Byrne and Wildwood representatives have been embroiled in a legal battle since 2008.
Three parcels of land comprise the proposed subdivision area:
- 165 Strecker Road (approximately 5 acres); known as the former Dozier property
- 173 Strecker Road (approximately 10 acres); known as the former Primm property
- 177 Strecker Road (approximately 3 acres); known as the former Schoessel property
EPA's recent study area also included a part of the Callahan property (former Superfund site where contaminated drum burial area was remediated in the early 1980s), which is located across Strecker Road to the south, at 210 Strecker Road.
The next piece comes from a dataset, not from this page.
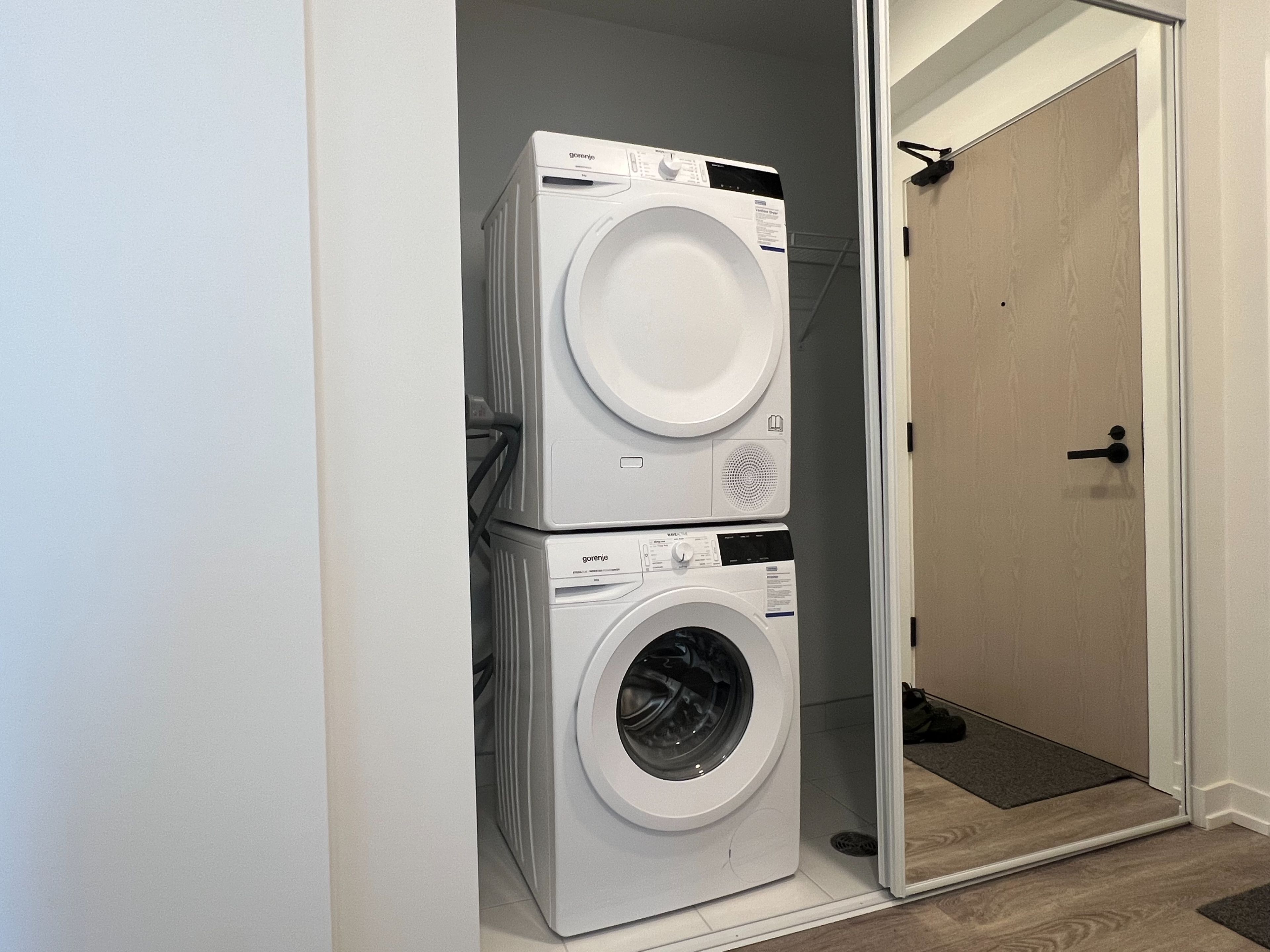 Brand-new grand festival tower c by menkes. This bright and spacious 2-bedroom corner suite features unobstructed southeast-facing city views and an efficient 699 sq. Ft. Layout. Floor-to-ceiling windows and 9-foot ceilings fill the unit with natural light, complemented by a sleek open-concept kitchen with quartz countertops and built-in appliances. The well-separated bedrooms provide excellent privacy, with the primary bedroom offering a private ensuite. Enjoy an expansive wrap-around balcony ideal for outdoor living. Ensuite laundry and one underground parking space included. Conveniently located steps from vmc subway station, bus transit, and highway 7, with quick access to highways 400/407, vaughan mills, ikea, costco, and york university. Residents have access to premium amenities including a fitness centre, bbq terrace, party lounge, and 24-hour concierge. An exceptional corner unit in a fast-growing and highly desirable community. One parking and one locker included.
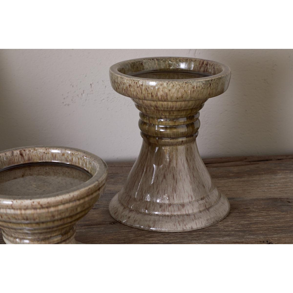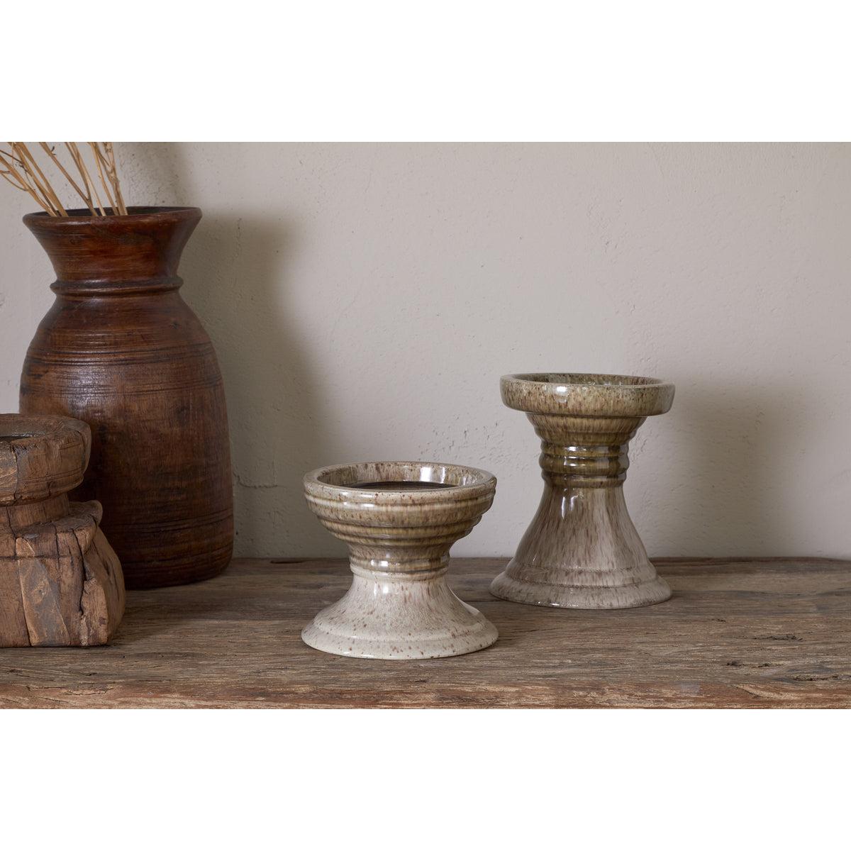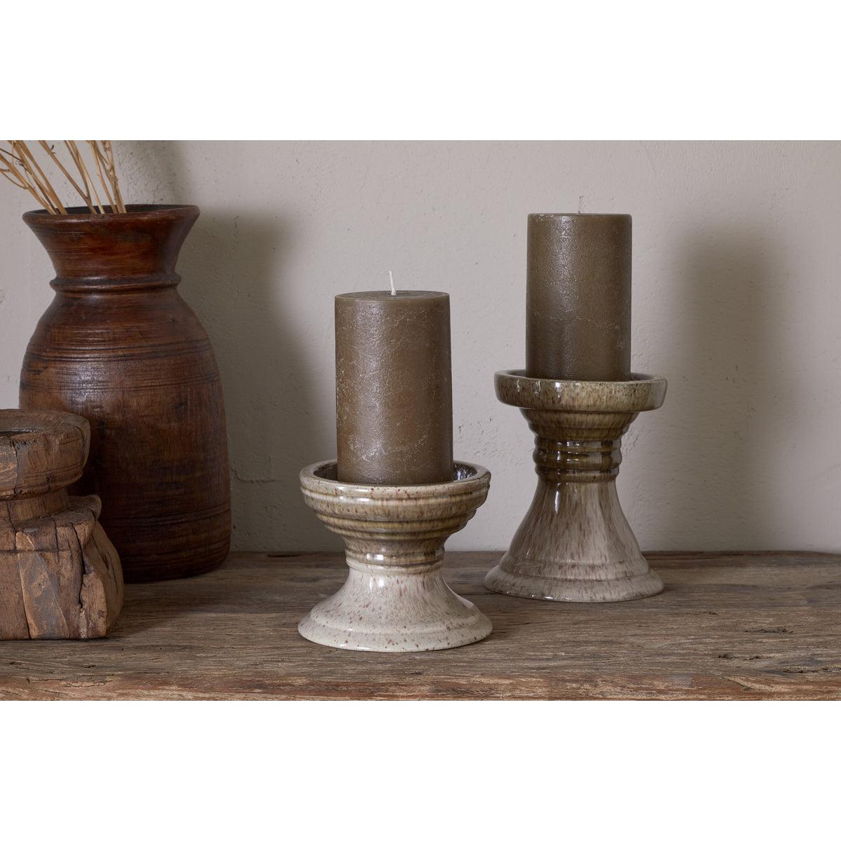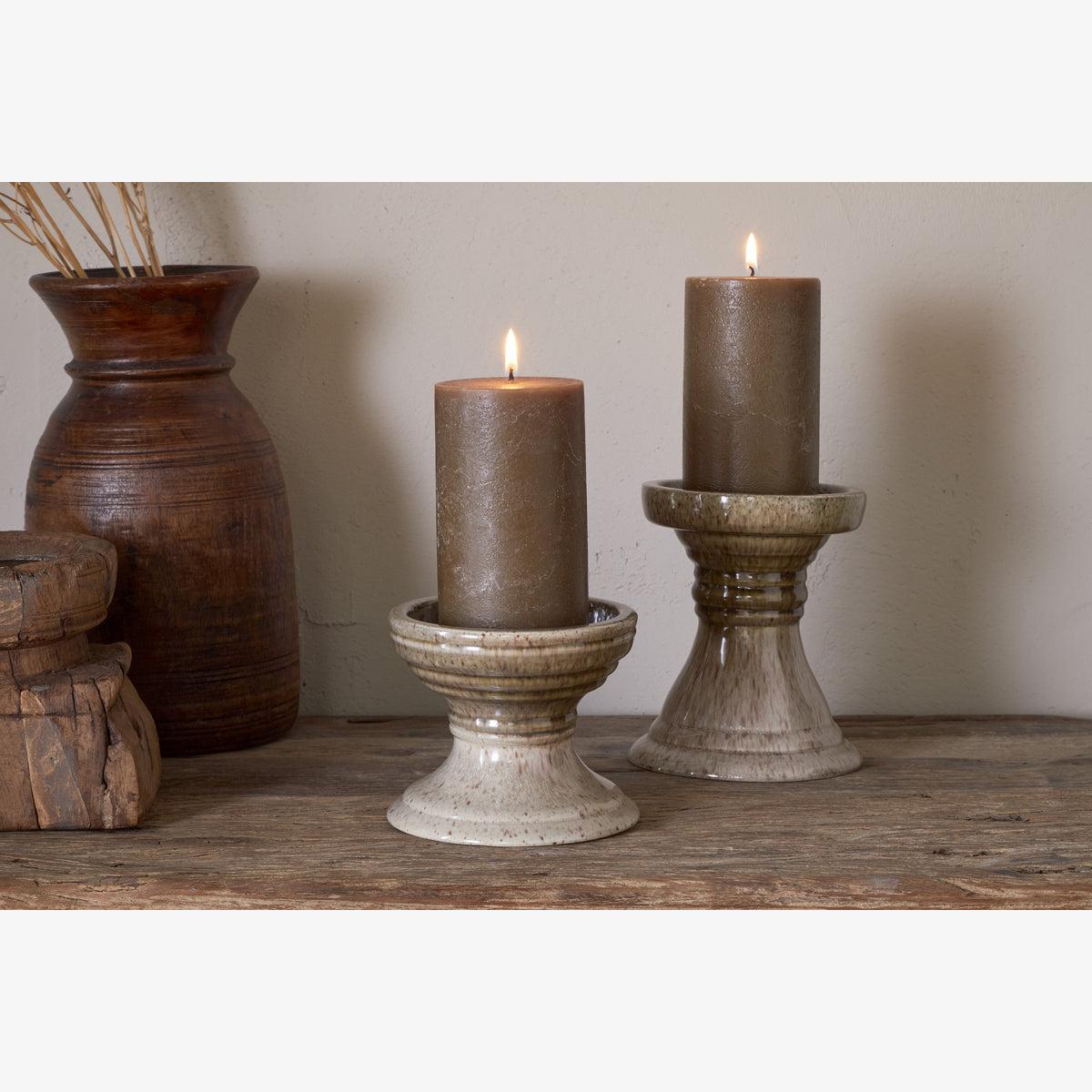 With their clean lines and soft two-tone palette in olive and grey, these pillar candle holders blend effortlessly into any interior setting. The reactive glaze finish adds an organic, rustic character, making each piece subtly unique. Available in two sizes, they can be styled individually or clustered together for a warm, layered look.

One of the study's key findings was: "Analysis of samples from surface soil, subsurface soil, and ground water in the portion of the Strecker Forest parcel planned for residential development do not indicate concentrations of volatile organic compounds, semi-volatile organic compounds, or PCBs exceeding a level of concern for unrestricted residential use. This includes areas designated as the former Dozier and Primm residences, the 'western pond area,' the 'alleged haul road,' and the 'solid waste disposal area.'"
A second key finding was that "all metals analyzed in surface soils, subsurface soils, and groundwater samples collected from the Strecker Forest parcel, with the exception of total chromium, were below a level of concern for unrestricted residential use."
To receive more details and to ask questions of EPA officials, attend the EPA open house, which will be hosted Thursday at 7 p.m. at the Daniel Boone Branch of the St. Louis County Public Library, 300 Clarkson Rd., in Ellisville.